Вестминстерское аббатство
20 октября 1714
Позже знатные господа, ставшие свидетелями этой сцены (а также многие, желавшие уверить окружающих, будто там присутствовали), станут уверять, что лицо негодяя исказил волчий оскал. Ибо Чарльз Уайт был человеком могущественным; чтобы низвергнуть, его надо было представить в общественном сознании своего рода диким зверем.

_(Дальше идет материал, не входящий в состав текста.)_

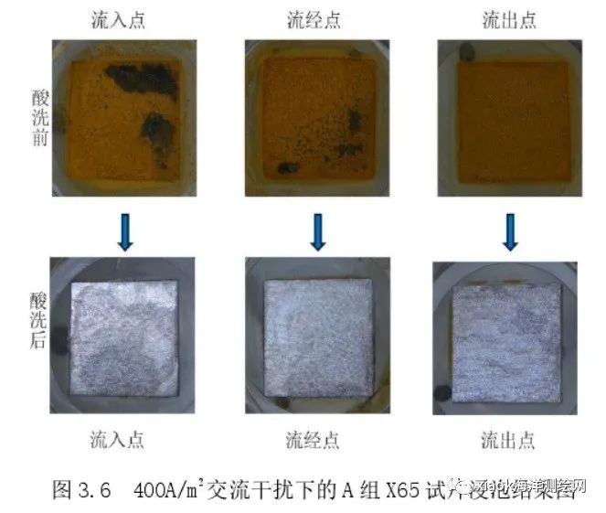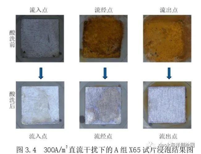 经过 20 天至 30 天,在 100A/m2到 300A/m2的直流电或者 400A/m2的交流电的持续作用下,X65 管线钢没有出现明显的点蚀现象;且 X65 材料的电流流入点、流经点、流出点的腐蚀规律明显(直流干扰下,流入点不发生腐蚀,流出点和流经点腐蚀明显;但是在交流干扰下,流入点也和流经点、流出点一样,腐蚀明显)。

Дело происходило перед западным фасадом Вестминстерского аббатства. Все великие люди Британии, а также послы и другие гости из чужих стран, стояли вокруг, слегка ошалелые после нескольких часов в церкви. Ибо коронация Георга была, по сути, исключительно нудной церковной службой, которую слегка оживляла демонстрация самых помпезных регалий по эту сторону Шахджаханабада. Собравшиеся высидели и выстояли множество длинных молитвословий, и всякий раз, как король отгонял муху, за этим следовали пятнадцатиминутные фанфары и торжественный речитатив. Архиепископ, лорд-канцлер, управляющий королевским двором и так далее вплоть до герольдмейстера ордена Подвязки осведомились друг у друга, действительно ли Георг-Людвиг Ганноверский — тот самый человек, которого надо короновать, затем принялись задавать тот же вопрос хреновой туче епископов, пэров, дворян и прочая, причём те не могли ограничиться простым кивком, а пускались в пышные словесные излишества, повторяемые троекратно с перерывами на получасовые музыкальные дивертисменты в исполнении трубачей, органиста или хора. Библии, аналои, потиры, дискосы, сосуды для мира, ложки, балдахины, шпоры, мечи, порфиры, скипетры, державы, венцы, кольца, медали, короны и жезлы плыли по центральному проходу между скамьями, как будто толпа церковнослужителей и пэров разграбила самый шикарный в мире ломбард, и ни одну фитюльку нельзя было переместить из точки А в точку Б без нескольких молитв и гимнов, долженствующих подчеркнуть, какое это радостное и в то же время жутко торжественное событие. Песнопения лились рекой. Молитвы сыпались, как из мешка. Имя Господне трепали почём зря. У Христа горели уши. Гул стоял на всю округу. Под ногами у трубачей скопились лужицы слюны. Помощников органиста одного за другим уносили с грыжей. У мальчишек-хористов успели отрасти бороды.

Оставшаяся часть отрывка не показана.